- DATASET RECORDS:

^^^^^^^^^^^^^^^^

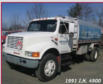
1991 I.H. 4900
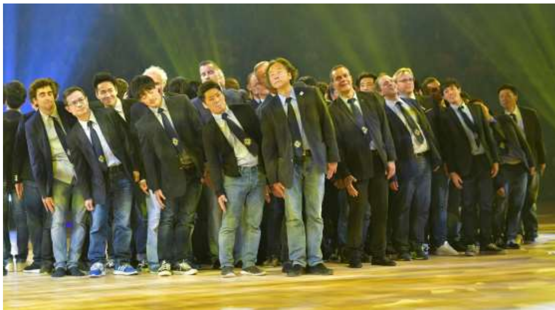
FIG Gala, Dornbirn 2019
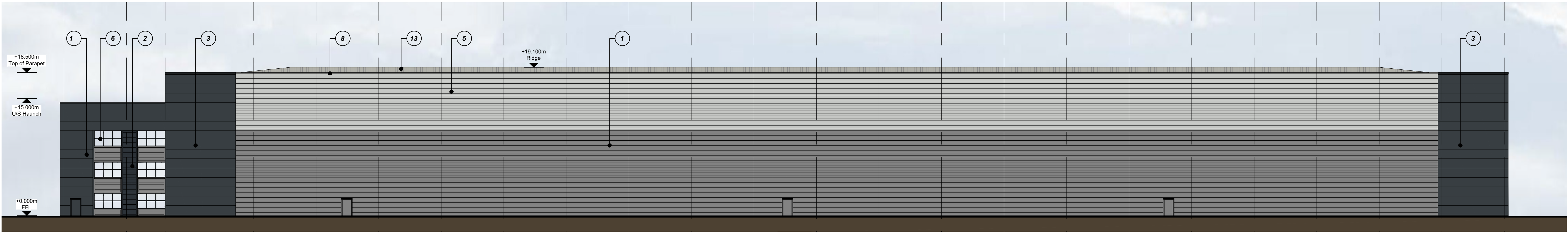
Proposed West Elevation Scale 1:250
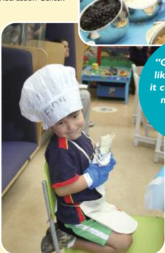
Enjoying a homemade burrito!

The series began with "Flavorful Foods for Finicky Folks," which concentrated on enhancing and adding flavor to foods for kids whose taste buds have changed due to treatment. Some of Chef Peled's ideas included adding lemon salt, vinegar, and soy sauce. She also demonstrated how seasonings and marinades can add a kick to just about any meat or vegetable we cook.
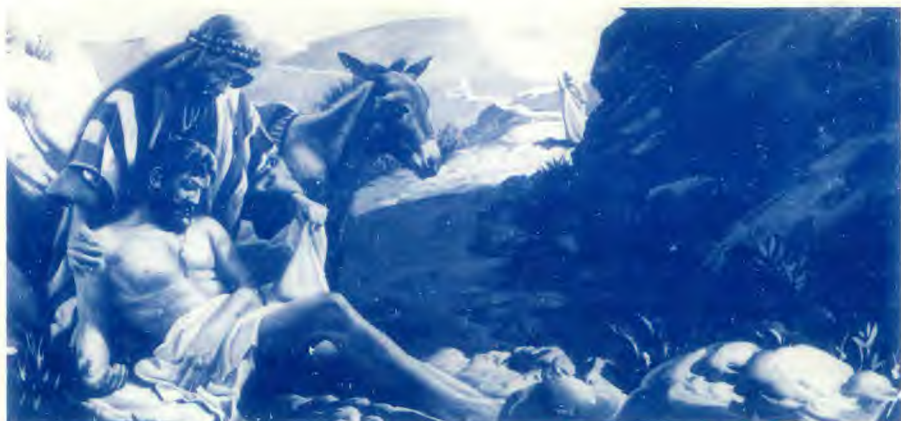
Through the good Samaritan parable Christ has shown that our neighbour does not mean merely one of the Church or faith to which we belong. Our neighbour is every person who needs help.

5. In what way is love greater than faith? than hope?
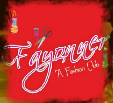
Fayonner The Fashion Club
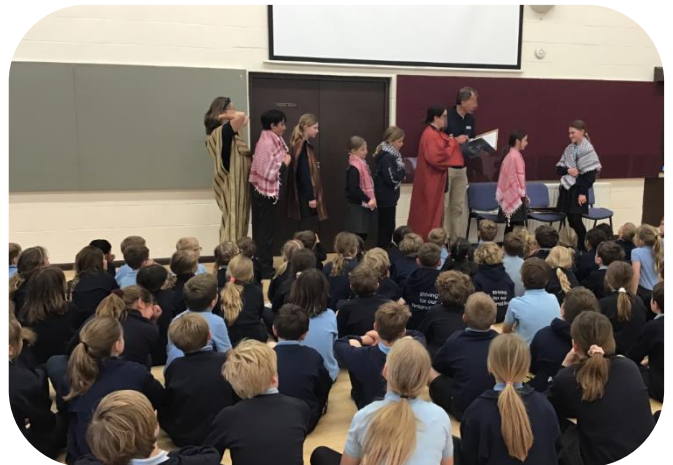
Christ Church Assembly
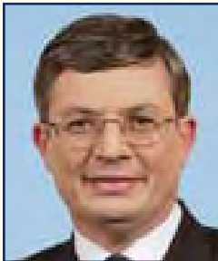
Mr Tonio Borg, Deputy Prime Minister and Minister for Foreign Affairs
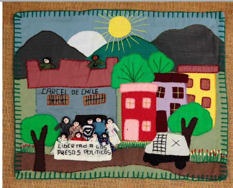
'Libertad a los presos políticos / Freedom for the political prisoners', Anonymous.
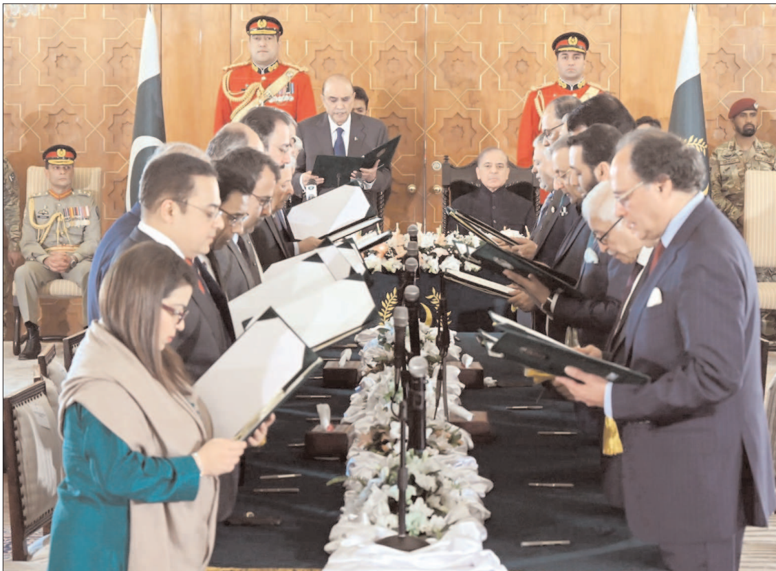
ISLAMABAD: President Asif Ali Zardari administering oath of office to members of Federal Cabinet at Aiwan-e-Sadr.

^^^^^^^^^^^^^^^^

- WORK ITEM:
Take from the listing above each line in which the string "faith" is found.

- SOLUTION TO THIS EXERCISE:
Through the good Samaritan parable Christ has shown that our neighbour does not mean merely one of the Church or faith to which we belong. Our neighbour is every person who needs help.
5. In what way is love greater than faith? than hope?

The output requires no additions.